(What you have to do):
Make an exact copy of the data below, leaving out every picture.
______
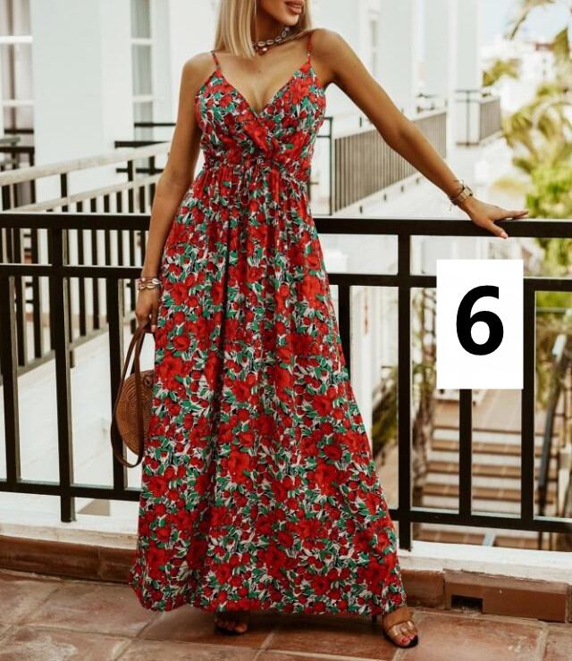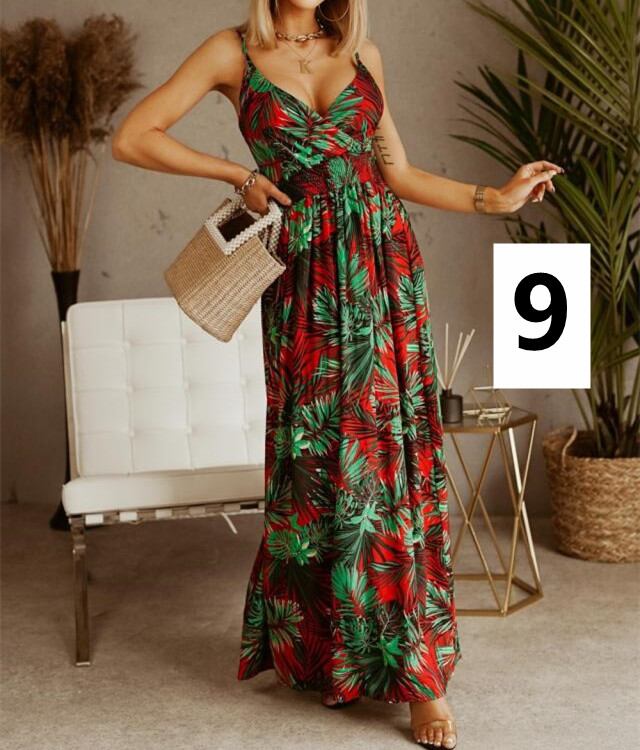 ◎【送料無料】キャミワンピース Vネック マキシ丈 セクシー 着痩せ 葉っぱ柄ワンピース
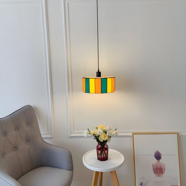 Retro Stained Glass Drum Pendant Light with Colorful Geometric Stripes for Kitchen and Bar - 110V-120V
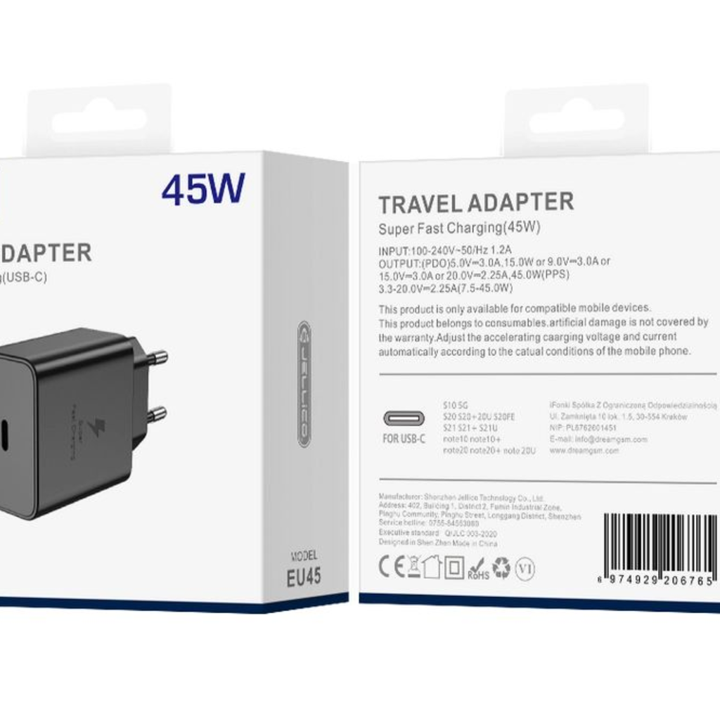 Az EU szabványú csatlakozóval ellátott fekete töltő kompakt méretének köszönhetően ideális otthoni használatra, irodába vagy utazáshoz egyaránt. A JELLICO EU45 töltő kizárólag kompatibilis mobil eszközökkel használható. Az adapter intelligensen állítja be a töltési feszültséget és áramerősséget a mobiltelefon aktuális töltési feltételeinek megfelelően, biztosítva a leggyorsabb és legbiztonságosabb töltést. Fontos megjegyezni, hogy a jótállás nem terjed ki a nem rendeltetésszerű használatból eredő mesterséges károkra.
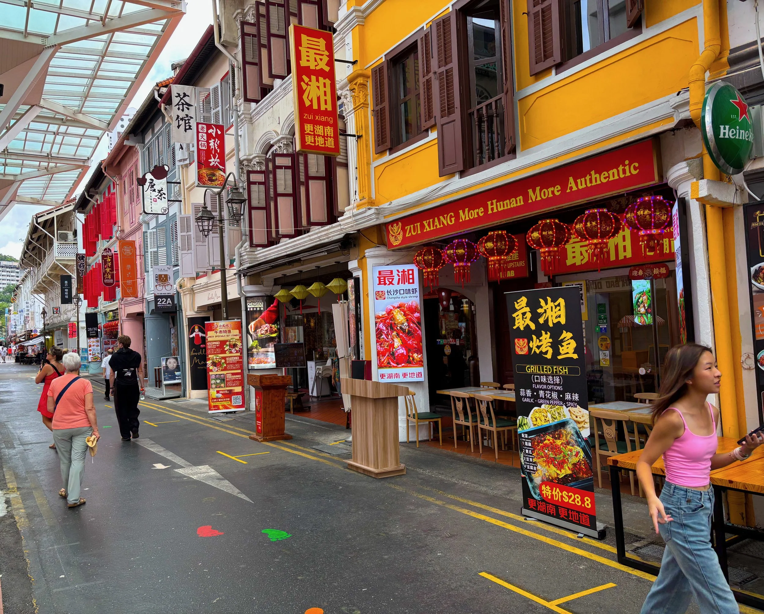 Hawkers Market Maxwell Street, Singapore. Temperatue 35°C - Humidity - Stupid.
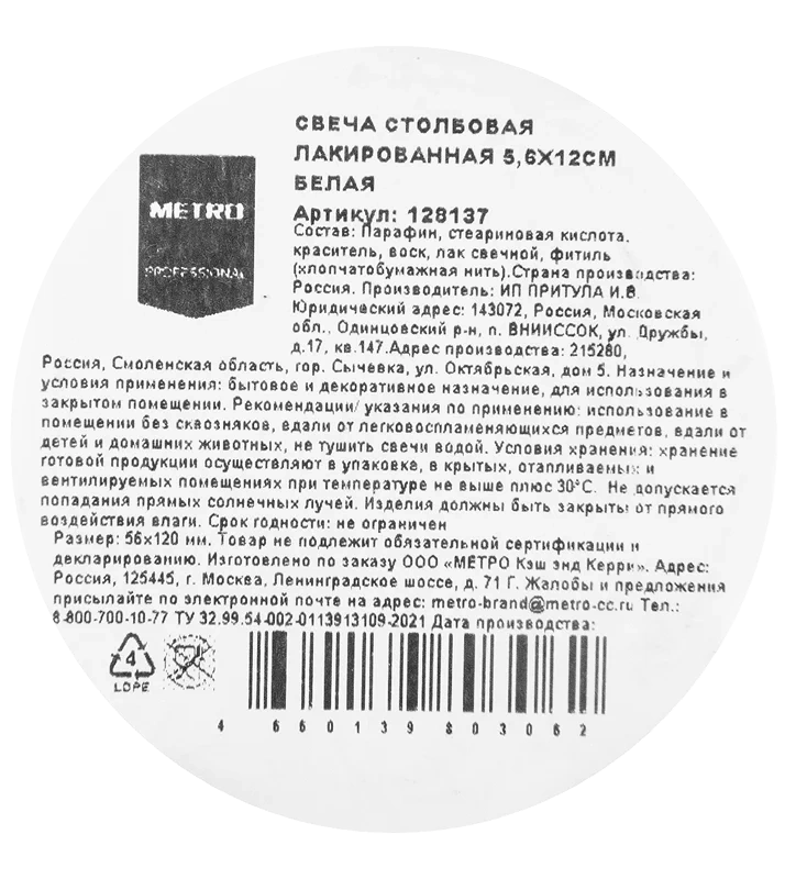 Свеча Metro Professional лакированная белая, 5.6х12см
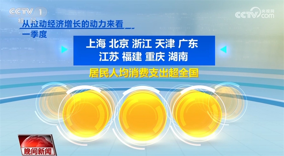 此外,各地經(jīng)濟發(fā)展也呈現(xiàn)回升向好態(tài)勢。目前,全國31個?。▍^(qū)、市),已經(jīng)全部公布一季度的經(jīng)濟運行數(shù)據(jù)。從GDP增速來看,31個省(區(qū)、市)中有23個省份跑贏全國一季度GDP平均增速4.5%,從地區(qū)GDP總量看,有12個省份超1萬億,廣東超過了3萬億。從拉動經(jīng)濟增長的動力來看,一季度,上海、北京、浙江、天津、廣東、江蘇、福建、重慶、湖南9省份,居民人均消費支出超全國。
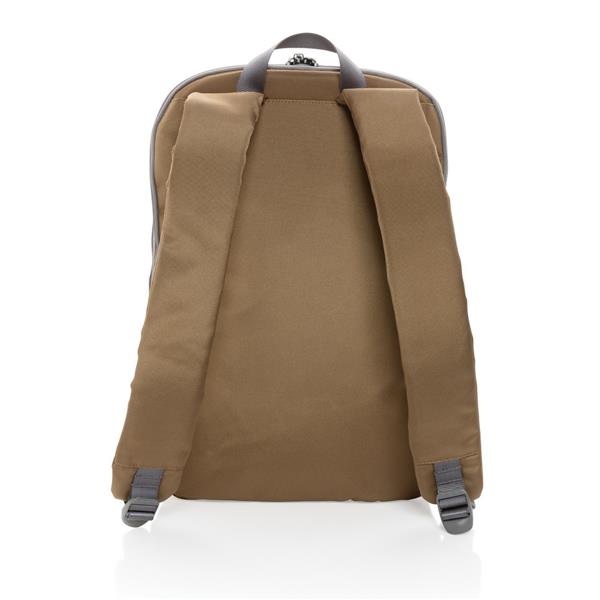 Plecak na laptopa 15,6″, minimalistyczny design, zewnętrzna i wewnętrzna część wykonana z poliestru z recyklingu do produkcji którego zostało ponownie wykorzystanych 32,7 butelek PET (500 ml), dzięki zastosowaniu technologii AWARE™ wykorzystane materiały są identyfikowalne z pochodzenia, 2% wpływów z każdego sprzedanego produktu z kolekcji Impact jest przekazywane na rzecz Water.org, nie zawiera PVC
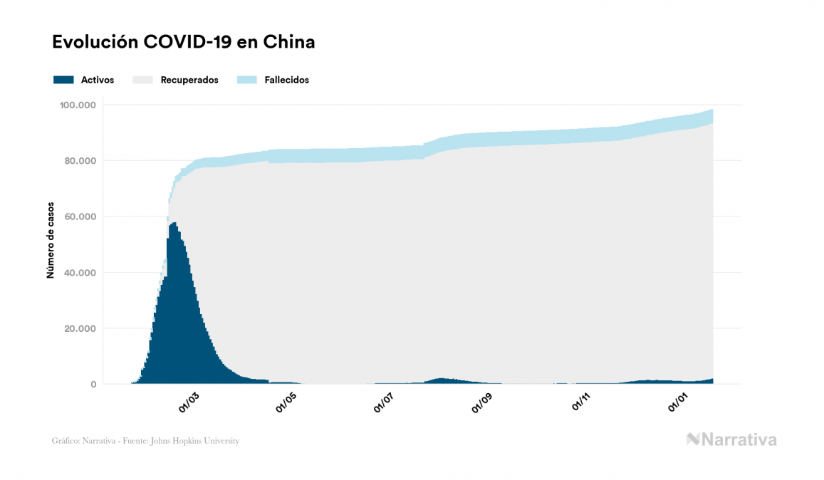 Las primeras evidencias del brote de coronavirus se produjeron en China, en la ciudad de Wuhan, el 31 de diciembre de 2019. Desde esa fecha, la infección se fue extendiendo por todo el continente asiático hasta expandirse al resto de países del mundo. En el último día, se han detectado 104 nuevos casos en el país y actualmente 2.103 personas se hallan bajo los efectos de las enfermedades que provoca el virus.
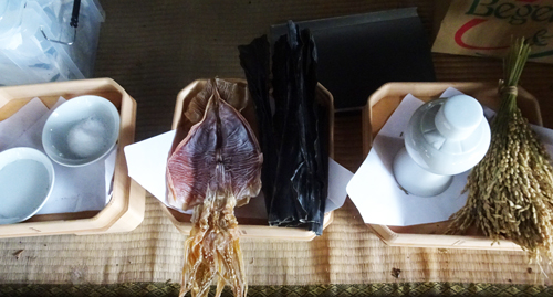 お供えするのは、写真の向かって左から、水 塩 スルメ コンブ お酒 稲穂等。
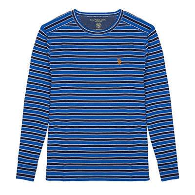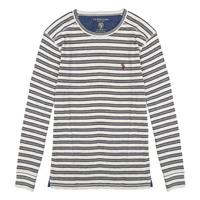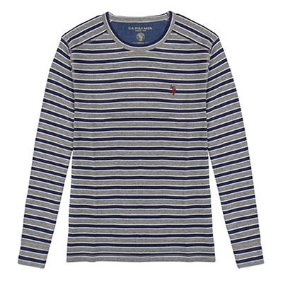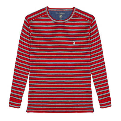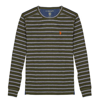 Comes in six color options: Gray Navy Stripe, Blue Navy Stripe, Oatmeal Health Gray Stripe, Red Gray Stripe, Burgundy Navy Stripe, and Green Gray Stripe Striped crewneck thermal with natural stretch
______
(Answer to the problem):
 ◎【送料無料】キャミワンピース Vネック マキシ丈 セクシー 着痩せ 葉っぱ柄ワンピース
 Retro Stained Glass Drum Pendant Light with Colorful Geometric Stripes for Kitchen and Bar - 110V-120V
 Az EU szabványú csatlakozóval ellátott fekete töltő kompakt méretének köszönhetően ideális otthoni használatra, irodába vagy utazáshoz egyaránt. A JELLICO EU45 töltő kizárólag kompatibilis mobil eszközökkel használható. Az adapter intelligensen állítja be a töltési feszültséget és áramerősséget a mobiltelefon aktuális töltési feltételeinek megfelelően, biztosítva a leggyorsabb és legbiztonságosabb töltést. Fontos megjegyezni, hogy a jótállás nem terjed ki a nem rendeltetésszerű használatból eredő mesterséges károkra.
 Hawkers Market Maxwell Street, Singapore. Temperatue 35°C - Humidity - Stupid.
 Свеча Metro Professional лакированная белая, 5.6х12см
 此外,各地經(jīng)濟發(fā)展也呈現(xiàn)回升向好態(tài)勢。目前,全國31個?。▍^(qū)、市),已經(jīng)全部公布一季度的經(jīng)濟運行數(shù)據(jù)。從GDP增速來看,31個省(區(qū)、市)中有23個省份跑贏全國一季度GDP平均增速4.5%,從地區(qū)GDP總量看,有12個省份超1萬億,廣東超過了3萬億。從拉動經(jīng)濟增長的動力來看,一季度,上海、北京、浙江、天津、廣東、江蘇、福建、重慶、湖南9省份,居民人均消費支出超全國。
 Plecak na laptopa 15,6″, minimalistyczny design, zewnętrzna i wewnętrzna część wykonana z poliestru z recyklingu do produkcji którego zostało ponownie wykorzystanych 32,7 butelek PET (500 ml), dzięki zastosowaniu technologii AWARE™ wykorzystane materiały są identyfikowalne z pochodzenia, 2% wpływów z każdego sprzedanego produktu z kolekcji Impact jest przekazywane na rzecz Water.org, nie zawiera PVC
 Las primeras evidencias del brote de coronavirus se produjeron en China, en la ciudad de Wuhan, el 31 de diciembre de 2019. Desde esa fecha, la infección se fue extendiendo por todo el continente asiático hasta expandirse al resto de países del mundo. En el último día, se han detectado 104 nuevos casos en el país y actualmente 2.103 personas se hallan bajo los efectos de las enfermedades que provoca el virus.
 お供えするのは、写真の向かって左から、水 塩 スルメ コンブ お酒 稲穂等。
 Comes in six color options: Gray Navy Stripe, Blue Navy Stripe, Oatmeal Health Gray Stripe, Red Gray Stripe, Burgundy Navy Stripe, and Green Gray Stripe Striped crewneck thermal with natural stretch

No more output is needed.